Off late we started receiving screenshots like below from our ground operations team -
Request Timed Out
While submitting sales order, sales invoice, purchase order, purchase receipt, stock entry etc…
With further investigation we realised that whenever someone ran Stock balance report
this problem was coming and we were able to reproduce it every time thereafter.
The output of mysqladmin -u root -p -i 2 processlist
showed the database query is taking a lot of time and mysql threads were in following states most of the times -
Copying to tmp table
Sending data
While the stock balance report was fetching required data from database, all other transaction requests were getting queued and eventually timed out.

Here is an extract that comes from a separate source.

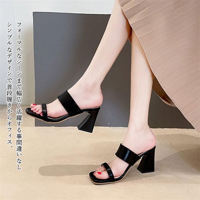 パンプス ミュールサンダル レディース ハイヒール チャンキーヒール 太ヒール 7cmヒール 厚底 疲れにくい 痛くない 歩きやすい 通気性 美脚 滑り止め 作 送料無料

It made sense to segregate READ (Reporting) and WRITE (Transactional) calls and direct them to different databases as a first measure so that our transactional requests have a clear passage and they do not time out. Idea was to setup mysql replication and divert all reporting calls to replica database instead of the primary database.

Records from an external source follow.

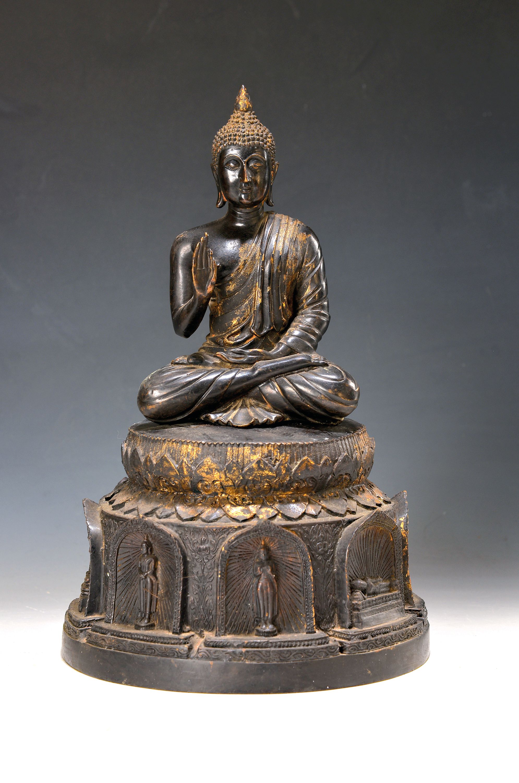 Sitzender Buddha auf Lotusthron, wohl Burma, 20. Jh., Abhaya Mudra, Geste der Furchtlosigkeit
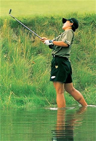1998년 미국 LPGA투어에 참가한 골프선수 박세리. 그녀는 양말을 벗고 연못에 들어가 완벽한 샷을 날려 큰 화제가 됐습니다.
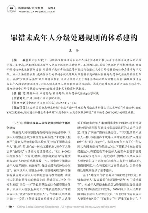 我院王译博士的论文《罪错未成年人分级处遇规则的体系建构》(原载《中国刑事法杂志》2022年第5期),被人大复印资料《诉讼法学、司法制度》2023年第3期全文转载。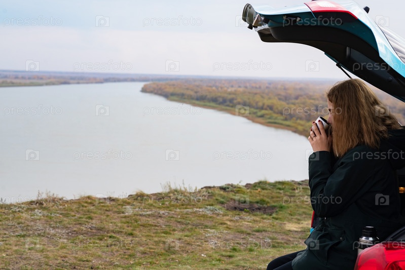 Счастливая молодая белая женщина в свитере пьет чай, сидя в багажнике машины на высоком берегу реки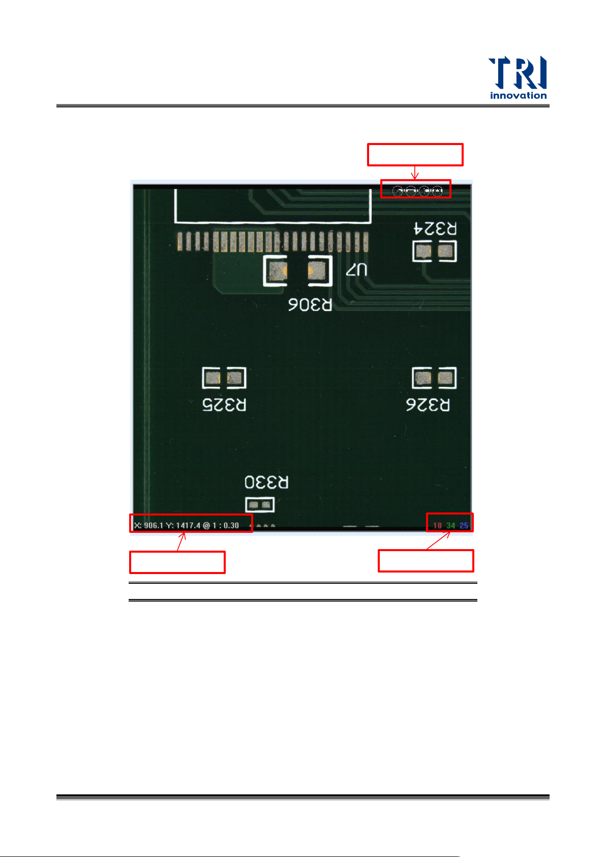 Test Research, Inc. TR7700 SIII Series Us er Guide – Software 201 圖 311 :影像顯示 區 鏡頭移動控制器:點選指 定的方向後會依 照設定的 數值進行步進動作。 比例尺與座標 三原色灰階 顯示功能按鈕

Introducing @frappe.read_only()
Couple of weeks back we had a code sprint with frappe team at our office. We implemented a support to divert ```read-only``` calls to replica database. A new function decorator ```@frappe.read_only``` is added to decorate methods which should use replica database.e.g. following method in frappe/query_report.py
is now decorated as below -
@frappe.whitelist()
@frappe.read_only()
def run(report_name, filters=None, user=None):
report = get_report_doc(report_name)
2 new attributes namely - slave_host
and use_slave_for_read_only
are added in site_config.json
to enable and configure the replica database -
{
"db_name": "c6b2c772b91fd3d8",
"db_password": "agYCYGfvpfrBzfDe",
"slave_host": "replica01.ntex.com",
"use_slave_for_read_only": 1
}
The @frappe.read_only() decorator wraps the method calls and alters the database connection by connecting to a replica database instead of main database as follows -
frappe/__init__.py
def read_only():
def innfn(fn):
def wrapper_fn(*args, **kwargs):
if conf.use_slave_for_read_only:
connect_read_only() <--- connects replica
With this change, our deployment architecture looked like below -
This helped us alleviate problems at our database side. However we were still sharing the the same python environment for reports and transaction calls. All HTTP requests were still piling up at a single gunicorn server.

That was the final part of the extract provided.